» **SUPPLIED RECORDS**
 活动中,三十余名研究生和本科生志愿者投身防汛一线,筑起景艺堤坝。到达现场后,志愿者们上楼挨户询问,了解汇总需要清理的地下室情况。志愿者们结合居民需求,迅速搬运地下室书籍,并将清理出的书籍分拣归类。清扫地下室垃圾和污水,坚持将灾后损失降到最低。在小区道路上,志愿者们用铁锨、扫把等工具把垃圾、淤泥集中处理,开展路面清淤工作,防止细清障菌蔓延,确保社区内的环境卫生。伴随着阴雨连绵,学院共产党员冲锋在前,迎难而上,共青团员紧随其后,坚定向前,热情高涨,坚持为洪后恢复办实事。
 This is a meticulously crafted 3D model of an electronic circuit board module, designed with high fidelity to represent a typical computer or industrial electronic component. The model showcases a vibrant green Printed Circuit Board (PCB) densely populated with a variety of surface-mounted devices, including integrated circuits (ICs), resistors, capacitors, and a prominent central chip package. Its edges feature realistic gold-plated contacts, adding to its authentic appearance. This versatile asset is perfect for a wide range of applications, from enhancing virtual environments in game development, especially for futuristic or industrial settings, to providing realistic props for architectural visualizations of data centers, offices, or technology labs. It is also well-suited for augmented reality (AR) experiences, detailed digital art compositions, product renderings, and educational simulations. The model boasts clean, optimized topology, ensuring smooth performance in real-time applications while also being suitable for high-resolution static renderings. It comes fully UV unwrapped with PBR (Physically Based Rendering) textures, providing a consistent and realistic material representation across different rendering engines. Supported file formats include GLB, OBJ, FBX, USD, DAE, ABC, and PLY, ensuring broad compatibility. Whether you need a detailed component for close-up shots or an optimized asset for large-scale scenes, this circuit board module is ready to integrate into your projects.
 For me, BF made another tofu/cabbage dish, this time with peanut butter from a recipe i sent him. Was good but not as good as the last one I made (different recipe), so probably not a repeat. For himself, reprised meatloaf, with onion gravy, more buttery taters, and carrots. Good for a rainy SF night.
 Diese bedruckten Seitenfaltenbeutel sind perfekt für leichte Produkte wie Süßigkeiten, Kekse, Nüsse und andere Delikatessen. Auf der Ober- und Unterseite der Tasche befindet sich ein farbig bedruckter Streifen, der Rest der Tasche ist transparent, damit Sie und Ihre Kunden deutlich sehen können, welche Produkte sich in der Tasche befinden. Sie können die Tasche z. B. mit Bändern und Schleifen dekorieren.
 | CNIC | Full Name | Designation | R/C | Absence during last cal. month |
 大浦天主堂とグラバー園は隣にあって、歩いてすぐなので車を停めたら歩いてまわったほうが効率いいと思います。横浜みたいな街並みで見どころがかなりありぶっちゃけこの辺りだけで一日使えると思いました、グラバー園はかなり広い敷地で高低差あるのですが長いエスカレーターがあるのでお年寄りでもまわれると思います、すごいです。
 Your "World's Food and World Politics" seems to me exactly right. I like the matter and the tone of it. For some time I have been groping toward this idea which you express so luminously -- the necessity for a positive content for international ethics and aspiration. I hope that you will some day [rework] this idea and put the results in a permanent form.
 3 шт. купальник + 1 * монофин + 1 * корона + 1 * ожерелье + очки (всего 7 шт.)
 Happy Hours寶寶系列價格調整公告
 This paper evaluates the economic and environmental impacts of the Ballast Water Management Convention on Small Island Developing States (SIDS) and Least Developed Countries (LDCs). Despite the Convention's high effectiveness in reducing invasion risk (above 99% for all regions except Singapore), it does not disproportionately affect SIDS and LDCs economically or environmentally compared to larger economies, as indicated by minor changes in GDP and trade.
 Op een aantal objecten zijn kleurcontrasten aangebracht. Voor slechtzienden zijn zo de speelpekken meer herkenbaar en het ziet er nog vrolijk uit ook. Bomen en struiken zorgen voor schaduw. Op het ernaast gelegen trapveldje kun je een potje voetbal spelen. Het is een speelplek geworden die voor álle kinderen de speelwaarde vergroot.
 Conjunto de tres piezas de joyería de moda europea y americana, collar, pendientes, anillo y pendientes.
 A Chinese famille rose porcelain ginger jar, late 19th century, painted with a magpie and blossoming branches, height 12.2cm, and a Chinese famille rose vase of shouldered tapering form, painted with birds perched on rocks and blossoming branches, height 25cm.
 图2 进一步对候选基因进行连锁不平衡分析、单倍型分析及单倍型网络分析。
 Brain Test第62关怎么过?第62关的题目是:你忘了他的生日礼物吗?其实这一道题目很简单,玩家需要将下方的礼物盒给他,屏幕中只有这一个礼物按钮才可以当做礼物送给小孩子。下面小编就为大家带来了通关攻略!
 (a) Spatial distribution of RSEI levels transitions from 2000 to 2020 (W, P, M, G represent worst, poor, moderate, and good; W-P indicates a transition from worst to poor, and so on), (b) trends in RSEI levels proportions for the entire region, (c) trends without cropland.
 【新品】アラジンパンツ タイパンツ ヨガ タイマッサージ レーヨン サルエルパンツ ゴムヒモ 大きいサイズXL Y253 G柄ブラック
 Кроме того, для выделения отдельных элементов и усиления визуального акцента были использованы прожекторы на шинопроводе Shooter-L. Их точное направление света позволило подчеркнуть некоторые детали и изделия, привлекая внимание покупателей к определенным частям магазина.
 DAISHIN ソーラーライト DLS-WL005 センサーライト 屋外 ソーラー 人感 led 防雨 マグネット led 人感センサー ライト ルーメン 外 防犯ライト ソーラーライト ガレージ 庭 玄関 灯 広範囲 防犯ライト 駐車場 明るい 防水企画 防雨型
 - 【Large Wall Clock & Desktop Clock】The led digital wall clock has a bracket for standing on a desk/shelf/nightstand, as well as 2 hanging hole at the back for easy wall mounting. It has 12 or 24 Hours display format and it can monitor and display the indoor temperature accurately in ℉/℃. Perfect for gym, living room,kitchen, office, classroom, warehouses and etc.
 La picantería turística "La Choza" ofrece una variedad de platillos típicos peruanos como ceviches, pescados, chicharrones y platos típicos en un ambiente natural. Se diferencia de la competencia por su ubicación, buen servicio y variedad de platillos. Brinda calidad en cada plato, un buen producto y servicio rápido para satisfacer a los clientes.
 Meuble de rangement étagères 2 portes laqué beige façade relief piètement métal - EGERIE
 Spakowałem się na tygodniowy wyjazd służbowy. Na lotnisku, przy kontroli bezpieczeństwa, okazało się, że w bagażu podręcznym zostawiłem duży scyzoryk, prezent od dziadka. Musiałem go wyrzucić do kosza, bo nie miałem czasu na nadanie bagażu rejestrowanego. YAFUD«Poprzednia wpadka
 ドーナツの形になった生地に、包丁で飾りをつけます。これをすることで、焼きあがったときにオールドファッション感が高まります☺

» **ASSIGNMENT**
Each line from the material above that mentions the word "digital" needs to be copied.

» **SOLUTION FOR THIS EXERCISE**
 This is a meticulously crafted 3D model of an electronic circuit board module, designed with high fidelity to represent a typical computer or industrial electronic component. The model showcases a vibrant green Printed Circuit Board (PCB) densely populated with a variety of surface-mounted devices, including integrated circuits (ICs), resistors, capacitors, and a prominent central chip package. Its edges feature realistic gold-plated contacts, adding to its authentic appearance. This versatile asset is perfect for a wide range of applications, from enhancing virtual environments in game development, especially for futuristic or industrial settings, to providing realistic props for architectural visualizations of data centers, offices, or technology labs. It is also well-suited for augmented reality (AR) experiences, detailed digital art compositions, product renderings, and educational simulations. The model boasts clean, optimized topology, ensuring smooth performance in real-time applications while also being suitable for high-resolution static renderings. It comes fully UV unwrapped with PBR (Physically Based Rendering) textures, providing a consistent and realistic material representation across different rendering engines. Supported file formats include GLB, OBJ, FBX, USD, DAE, ABC, and PLY, ensuring broad compatibility. Whether you need a detailed component for close-up shots or an optimized asset for large-scale scenes, this circuit board module is ready to integrate into your projects.
 - 【Large Wall Clock & Desktop Clock】The led digital wall clock has a bracket for standing on a desk/shelf/nightstand, as well as 2 hanging hole at the back for easy wall mounting. It has 12 or 24 Hours display format and it can monitor and display the indoor temperature accurately in ℉/℃. Perfect for gym, living room,kitchen, office, classroom, warehouses and etc.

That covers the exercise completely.